▸ **THE TASK**: With the pictures omitted, repeat exactly the lines below starting with the line that has "Tailscale solves essentially" and going on through the line that has "Leveraged Yield Farming".

--- DATA SHOWN ---

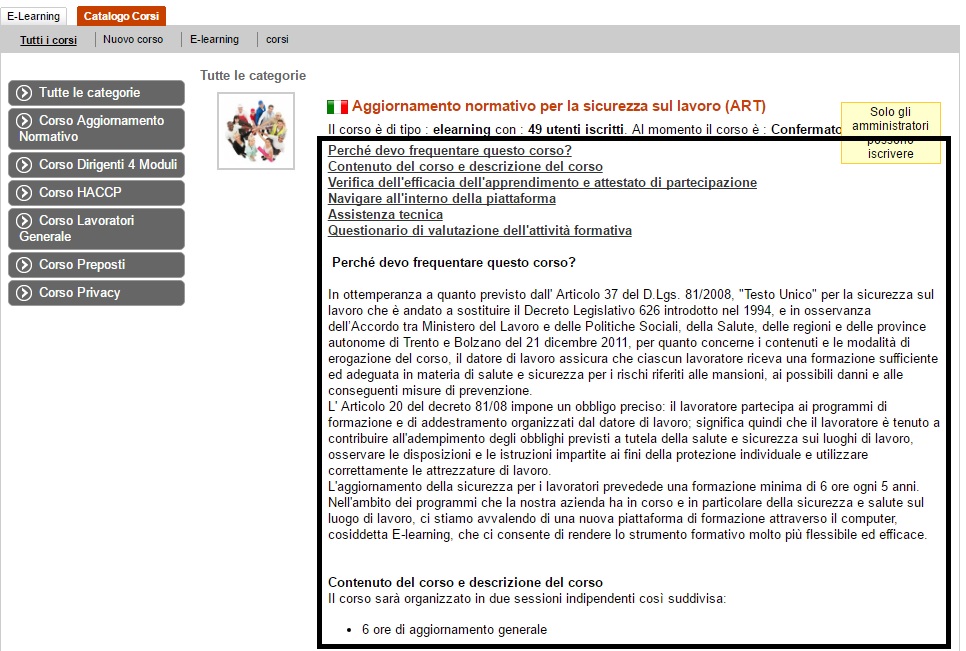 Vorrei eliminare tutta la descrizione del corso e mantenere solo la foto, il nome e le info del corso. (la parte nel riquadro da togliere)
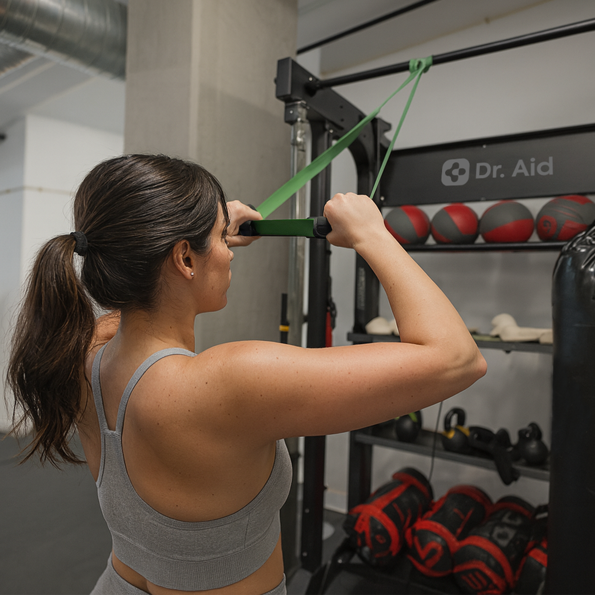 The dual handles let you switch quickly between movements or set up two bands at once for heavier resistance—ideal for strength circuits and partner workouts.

---
--- DATA SHOWN ---

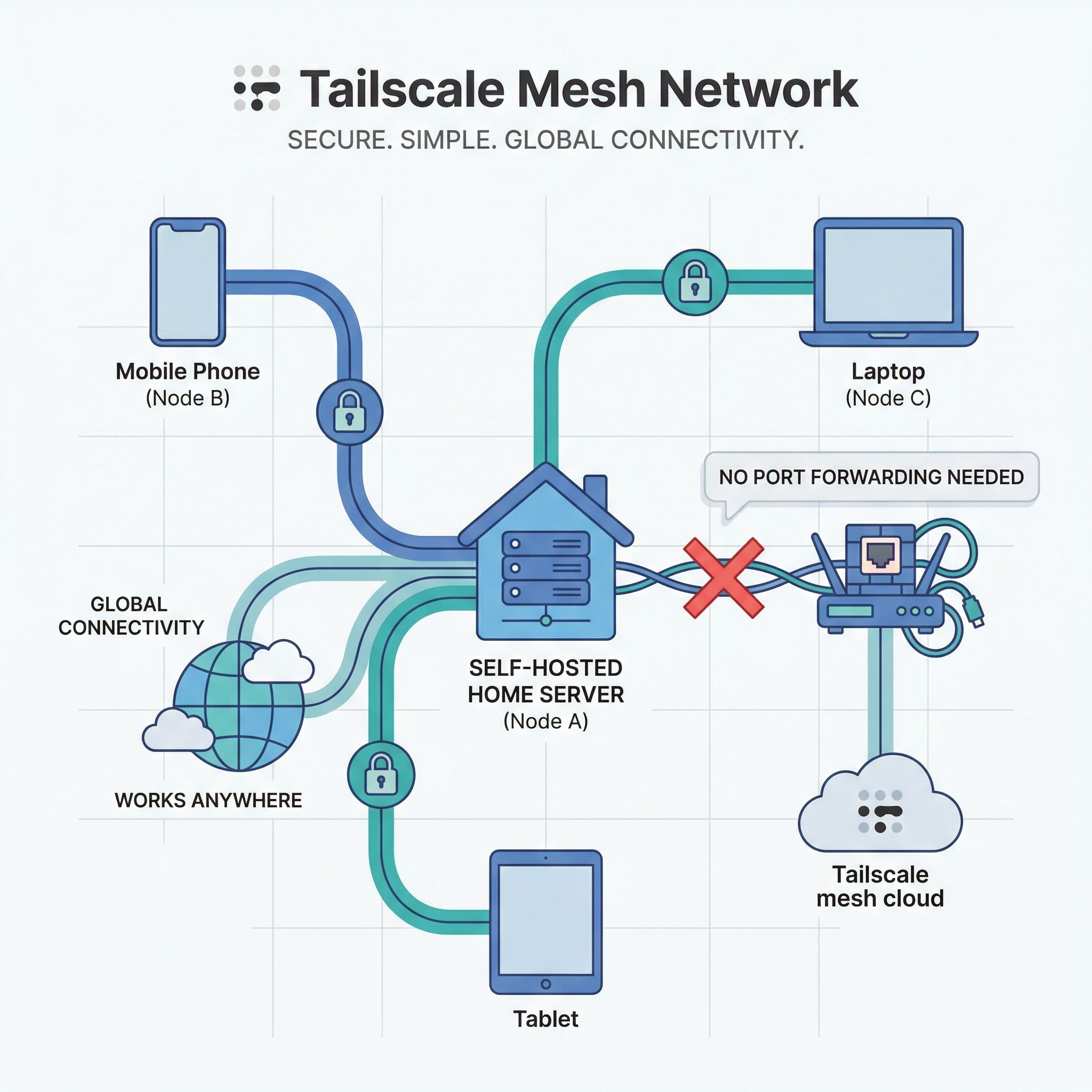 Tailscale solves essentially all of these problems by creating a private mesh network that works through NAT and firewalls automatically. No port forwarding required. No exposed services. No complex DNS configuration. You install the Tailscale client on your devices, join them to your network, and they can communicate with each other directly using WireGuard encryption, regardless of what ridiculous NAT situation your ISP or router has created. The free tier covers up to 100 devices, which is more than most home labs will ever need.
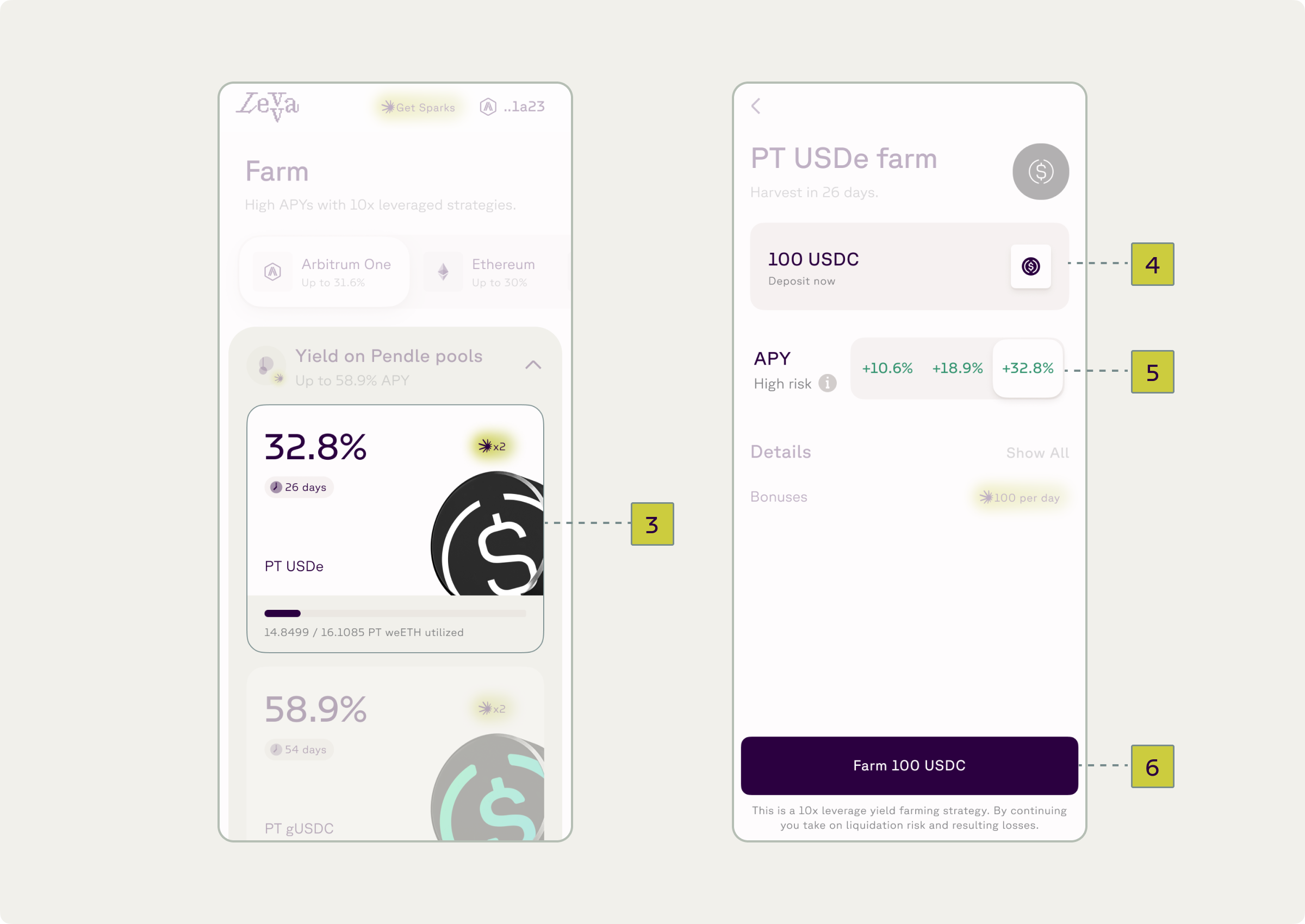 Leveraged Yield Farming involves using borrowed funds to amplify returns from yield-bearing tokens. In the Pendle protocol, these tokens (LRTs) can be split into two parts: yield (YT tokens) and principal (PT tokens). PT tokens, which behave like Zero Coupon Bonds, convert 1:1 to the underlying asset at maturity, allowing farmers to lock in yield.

---

▸ **ANSWER TO THIS EXERCISE**:
 Tailscale solves essentially all of these problems by creating a private mesh network that works through NAT and firewalls automatically. No port forwarding required. No exposed services. No complex DNS configuration. You install the Tailscale client on your devices, join them to your network, and they can communicate with each other directly using WireGuard encryption, regardless of what ridiculous NAT situation your ISP or router has created. The free tier covers up to 100 devices, which is more than most home labs will ever need.
 Leveraged Yield Farming involves using borrowed funds to amplify returns from yield-bearing tokens. In the Pendle protocol, these tokens (LRTs) can be split into two parts: yield (YT tokens) and principal (PT tokens). PT tokens, which behave like Zero Coupon Bonds, convert 1:1 to the underlying asset at maturity, allowing farmers to lock in yield.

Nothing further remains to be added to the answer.